Material for this exercise =
_ _ _ _ _

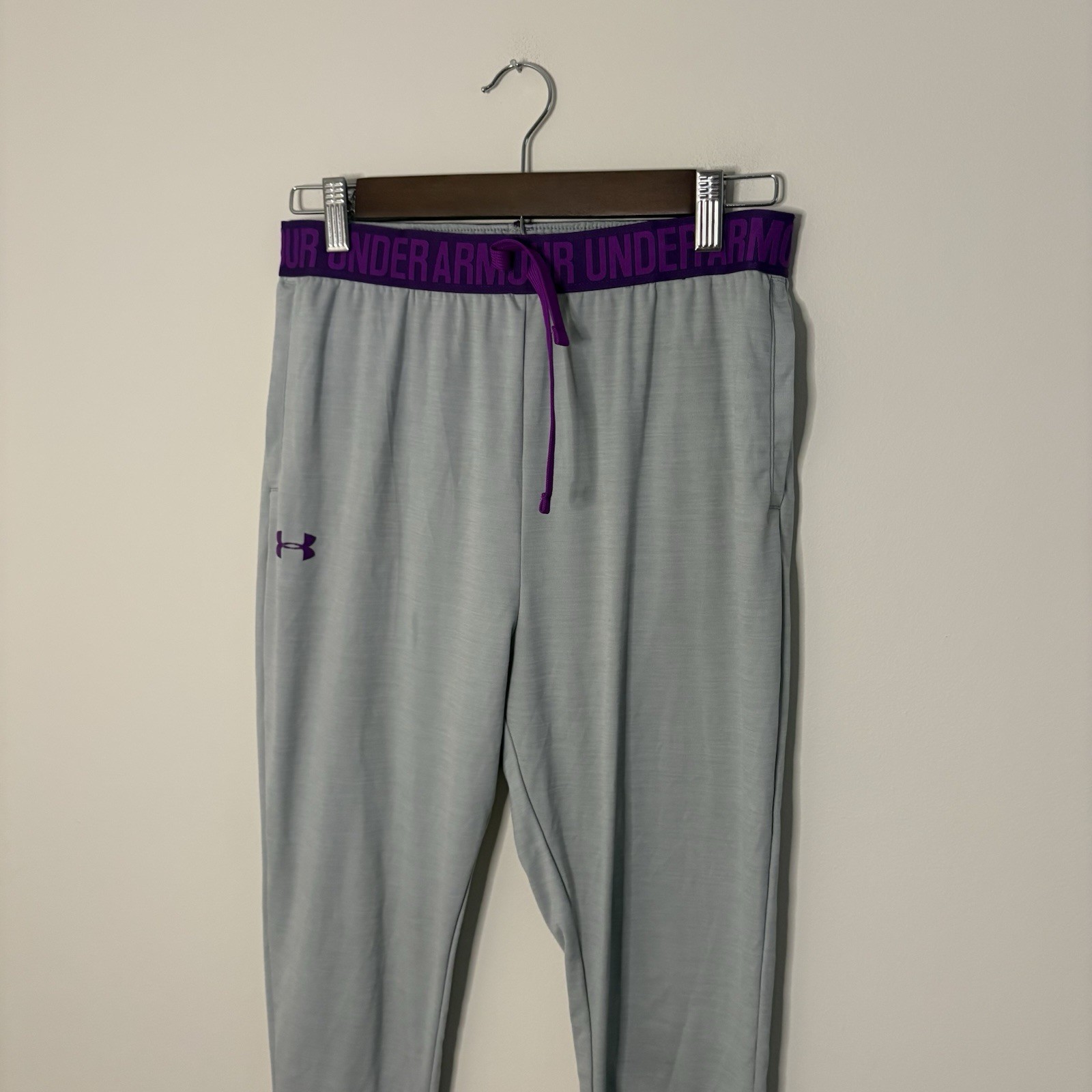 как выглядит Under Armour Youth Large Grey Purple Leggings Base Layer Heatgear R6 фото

_ _ _ _ _

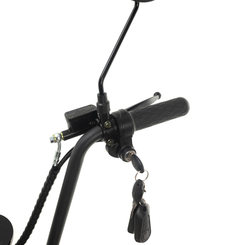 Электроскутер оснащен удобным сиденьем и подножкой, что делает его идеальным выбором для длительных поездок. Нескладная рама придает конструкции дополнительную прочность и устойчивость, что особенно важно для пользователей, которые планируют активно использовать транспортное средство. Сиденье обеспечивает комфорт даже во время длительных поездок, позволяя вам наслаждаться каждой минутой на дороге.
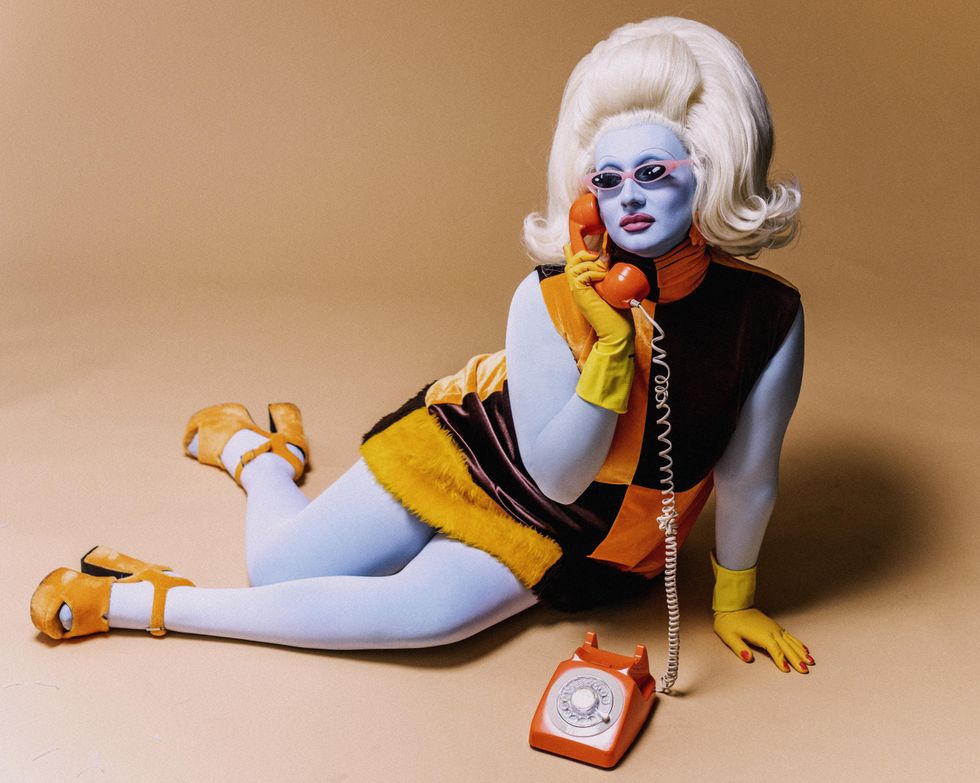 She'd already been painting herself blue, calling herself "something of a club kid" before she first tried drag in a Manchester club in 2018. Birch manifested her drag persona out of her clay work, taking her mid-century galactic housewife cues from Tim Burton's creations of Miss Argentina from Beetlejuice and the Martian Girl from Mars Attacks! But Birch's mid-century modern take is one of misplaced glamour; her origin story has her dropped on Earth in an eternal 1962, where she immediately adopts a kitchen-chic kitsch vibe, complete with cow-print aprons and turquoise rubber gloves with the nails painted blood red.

_ _ _ _ _

Exercise details = With the pictures removed, print only the lines starting at the line that has "Электроскутер оснащен удобным" and ending at the line that has "She'd already been", both ends included, exactly as they stand above.

Problem solution =
 Электроскутер оснащен удобным сиденьем и подножкой, что делает его идеальным выбором для длительных поездок. Нескладная рама придает конструкции дополнительную прочность и устойчивость, что особенно важно для пользователей, которые планируют активно использовать транспортное средство. Сиденье обеспечивает комфорт даже во время длительных поездок, позволяя вам наслаждаться каждой минутой на дороге.
 She'd already been painting herself blue, calling herself "something of a club kid" before she first tried drag in a Manchester club in 2018. Birch manifested her drag persona out of her clay work, taking her mid-century galactic housewife cues from Tim Burton's creations of Miss Argentina from Beetlejuice and the Martian Girl from Mars Attacks! But Birch's mid-century modern take is one of misplaced glamour; her origin story has her dropped on Earth in an eternal 1962, where she immediately adopts a kitchen-chic kitsch vibe, complete with cow-print aprons and turquoise rubber gloves with the nails painted blood red.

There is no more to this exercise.